In his speeches, Kim talks passionately about the bank's ability to "catalyze" and "leverage" the world to action by mobilizing money and ideas, and he says he is hunting for ideas "equal to the challenge" of curbing carbon use. He has criticized the "small bore" thinking he says has hobbled progress on the issue.

However, the bank remains in the business of financing traditional fossil-fuel plants, including those that use the dirtiest form of coal, as well as cleaner but carbon-based natural gas infrastructures.

Among the projects likely to cross Kim's desk in coming months, for example, is a 600-megawatt power plant in Kosovo that would be fired by lignite coal, the bottom of the barrel when it comes to carbon emissions.

Congo River

Hydropower projects like the Congo River's Inga dam, west of Kinshasa, the capital of the Democratic Republic of Congo, have caused excessive accumulation of silt in the past, leading to daily power cuts and a low supply of electricity, and plunging entire districts into darkness. The World Bank is eyeing the river for more large-scale hydroelectric dams. Adia Tshipuki/AFP 


The plant has strong backing from the United States, the World Bank's major shareholder. It also meshes with one of the bank's other long-standing imperatives: Give countries what they ask for. The institution has 188 members to keep happy and can only go so far in trying to impose its judgment over that of local officials. Kim, in his younger days, demonstrated against World Bank-enforced "orthodoxy" in economic policy and now may be hard-pressed to enforce an energy orthodoxy of his own.
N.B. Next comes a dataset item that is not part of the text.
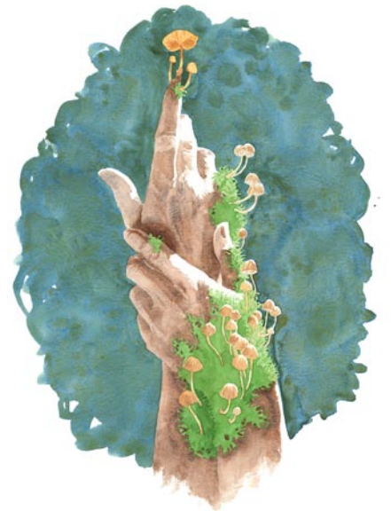
Work by Heather Clements

Throughout downtown Spartanburg's Cultural District, Ongoing - The Creative Crosswalk Project is a public art initiative in which local artists and designers design and paint a series of crosswalk murals, transforming the crosswalks into works of art, on Main Street in Spartanburg, SC. The downtown cultural district area is often bustling with events and pedestrians, and the pedestrians rely heavily on a multitude of crosswalks to safely traverse the downtown Spartanburg area. The problem is that crosswalks are incredibly easy to overlook, they are rarely visually appealing, and they can even be quite dangerous. In an effort to remedy these issues, Chapman Cultural Center, the City of Spartanburg, and the Spartanburg Area Chamber of Commerce came together to organize the Creative Crosswalk Project. For more info visit ( https://www.chapmanculturalcenter.org/pages/blog/detail/article/c0/a1555/ ).

Kosovo has ample domestic supplies of lignite, freeing the country from imported fuel. Kim said there's little question Kosovo needs more electricity, and the new plant will allow an older, more polluting facility to be shut down.

"I would just love to never sign a coal project," Kim said. "We understand it is much, much dirtier, but ... we have 188 members. ... We have to be fair in balancing the needs of poor countries ... with this other bigger goal of tackling climate change."

The bank is working on other ideas. Kim said he is considering how the bank might get involved in creating a more effective world market for carbon, allowing countries that invest in renewable energy or "climate-friendly" agriculture to be paid for their carbon savings by industries that need to use fossil fuels. Existing carbon markets have been plagued with volatile pricing — Europe's cost of carbon has basically collapsed — or rules that prevent carbon trading with developing countries.

"We've got to figure out a way to establish a stable price of carbon. Everybody knows that," Kim said.

He has also staked hope for climate progress on developments in agriculture.

Hydropower projects, however, seem notably inside what Kim says is the bank's sweet spot — complex, high-impact, green and requiring the sort of joint public and private financing Kim says the bank can attract.

The massive hydropower potential of the Congo River, estimated at about 40,000 megawatts, is such a target. Its development is on a list of top world infrastructure priorities prepared by the World Bank and other development agencies for the Group of 20 major economic powers.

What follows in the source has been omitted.